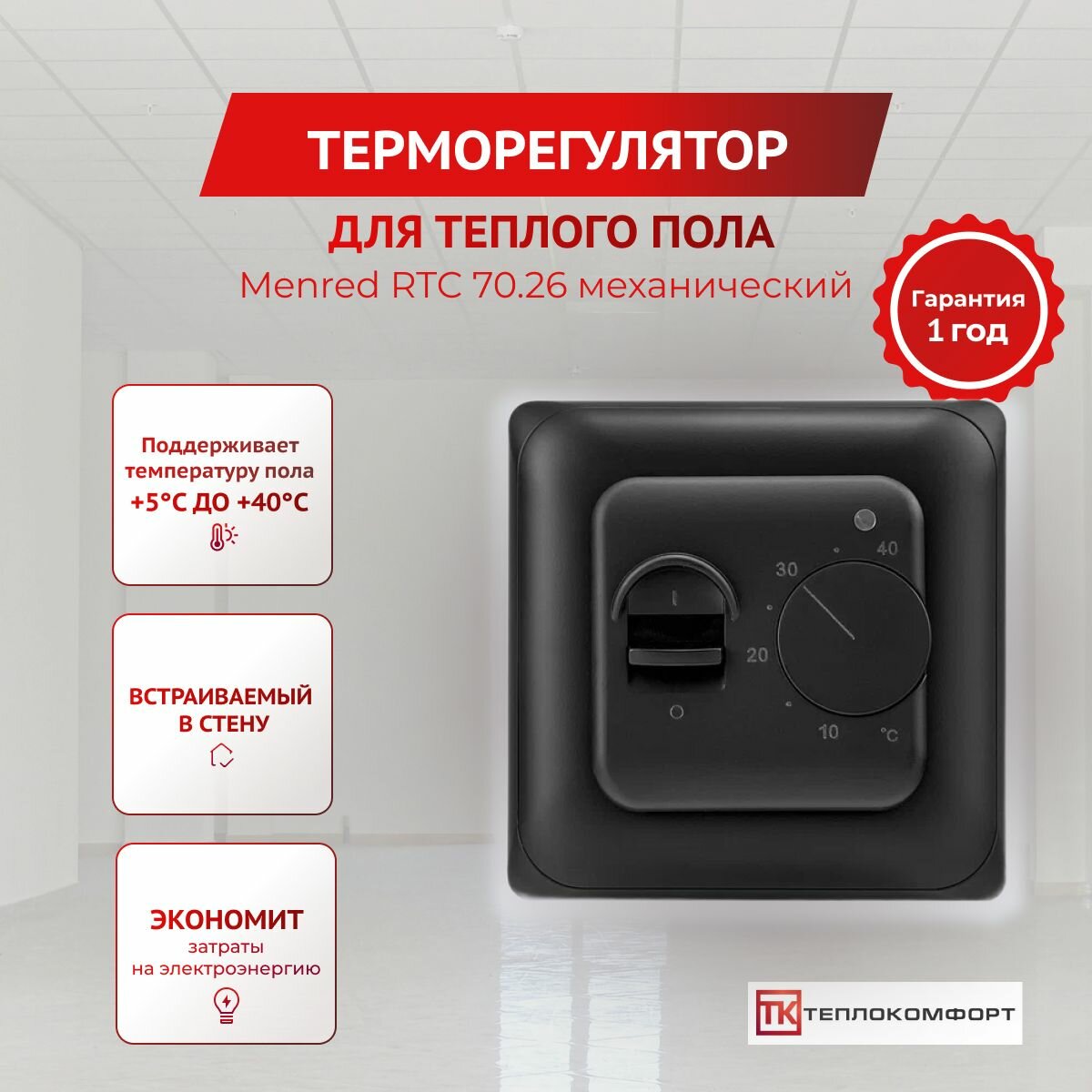 Теплый пол электрический под плитку 1.5 м2 с механическим терморегулятором белого цвета , Нагревательный мат 1.5м. кв Теплокомфорт ЧТК МНД ЭКО
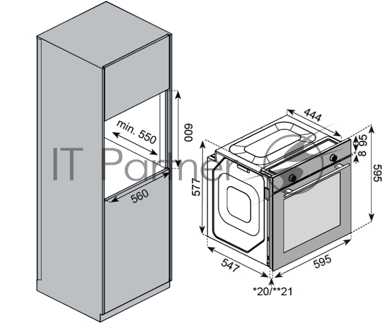 Встраиваемый духовой шкаф Kuppersberg HF 608 BX 80 л, High-Tech, 6 режимов, паровая очистка, черный, нерж. сталь
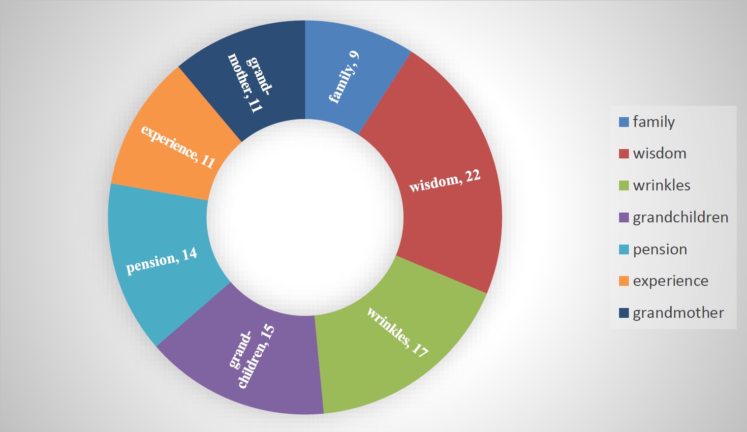 Old age 16; pension, elderly 12; old man 10; grandmother, age 9; unemployed, home 6; poor, grandfather, money, loneliness 5; poverty 4; benefits, single, allowance, family, old, respect, person 3; helpless, veteran, sadness, grandfather, kindness, bench, wrinkles, man, vegetable garden, rest, glasses, help, work, freedom, work experience, old people, theater, labor, household, khrushchevka 2; bus, aggression, activity, active, pharmacy, poor, eat without salt, defenseless, free travel, helplessness, illness, ex-employee, aged, cheerful, grandchildren, military, opportunity, volunteer, nagging, pay, seniority, newspaper, hero, hungry, state, rudeness, risk group, dacha, Victory Day, village, cheap food, softie, flabby, Europe, pathetic, pity, cheerful, life, merit, honored, immigration, disability, history, qualification, cap, books, end, crutch, jacket, drugs, little mobility, manipulation, place, lots of free time, wise, martyr, cash, tension, discontent, German, injustice, unhappy, beggar, needy, limitation, alone, lake, October, experience, experienced, vacationer, passport, rest, hospital, decent, loss, post office, elderly, privilege, travel, worker, indifference, relatives, fishing, market, self-sufficient, gray hair, orphan, bench, scandal, Nordic walking, weakness, weak, word, old purse, old man, pills, television, wasting time, cane, difficulties, fading, smile, smarts, wise, tired, tiredness, to get tired, morning, pinch, dialogues for hours, economy, apples 1.
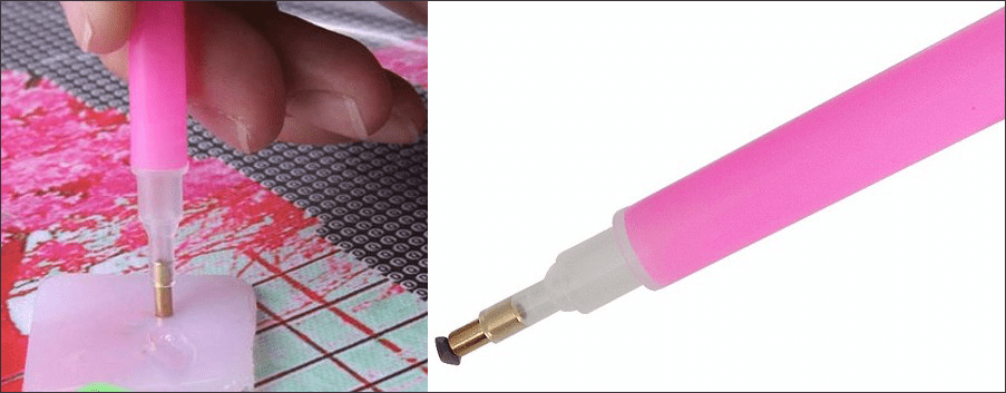 В наборе новичка необходимо иметь не только пинцет с металлическим тонким захватом, но и клеевой карандаш с липким кончиком, с помощью которого можно легко донести элемент до нужной области заполнения.
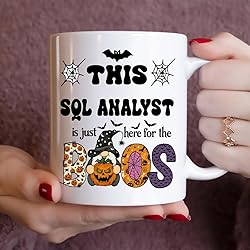 - Celebrate Halloween with spooky charm and daily coffee bliss! Our 11oz white ceramic mug features a fun Here for the Boos design, perfect for any Sql Analyst who loves coffee, tea, or hot cocoa. With pumpkins, bats, spiderwebs, and festive colors, it’s a seasonal favorite for fall drinkware lovers. Perfect for Everyday Use – Made from durable ceramic that’s dishwasher safe and microwave safe, this mug makes busy mornings, work breaks, and cozy evenings effortless. Great Gift for Any Sql Analyst – Whether it’s a coworker, friend, or family member, this Halloween Sql Analyst coffee mug is a thoughtful and practical gift for school events, office parties, or autumn gatherings. More Than Just a Mug – Use it as a pen holder, desk accessory, or festive home decoration to bring Halloween cheer to any space. Bring a smile to your favorite Sql Analyst this Halloween with a mug that’s as fun as it is functional!
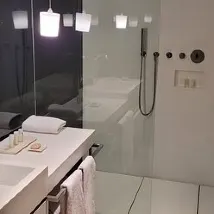 這家飯店位於維拉弗蘭卡德爾佩內德斯 (Vilafranca del Penedès) 的中心地帶,其設計和裝潢令人嘆為觀止。飯店坐落在一棟保留了原貌的老建築內,室內裝潢現代時尚,採用精心設計的裝飾和高品質的材料。深色木材和深紅色窗簾佔據了主導地位,在某些地方,例如樓上的走廊,營造出一種略顯陰鬱的氛圍。浴室配有超大淋浴間和非常現代化的衛浴設施。床很舒服,還配有空調。燈光系統過於複雜,難以理解。電視(順便說一下,是 Loewe 品牌)位於床的一側,位置不太舒服。走廊的地毯需要翻新。早餐在宜人的玻璃餐廳供應。並非自助餐,僅包含咖啡和果汁(非天然果汁)、吐司和糕點。飯店內不設停車位,但飯店正前方有一個公共停車場(配備電動車充電樁),提前預訂的停車費為每天 23 歐元。簡而言之,這是一次獨特的酒店體驗,也是探索比拉弗蘭卡德爾佩內德斯的良好基地。

══════

## [TASK INSTRUCTIONS]
Would you restate, word for word and with no pictures, only the lines from the opening of the material through the line with "Встраиваемый духовой шкаф", both included?

## [YOUR RESPONSE]
 Теплый пол электрический под плитку 1.5 м2 с механическим терморегулятором белого цвета , Нагревательный мат 1.5м. кв Теплокомфорт ЧТК МНД ЭКО
 Встраиваемый духовой шкаф Kuppersberg HF 608 BX 80 л, High-Tech, 6 режимов, паровая очистка, черный, нерж. сталь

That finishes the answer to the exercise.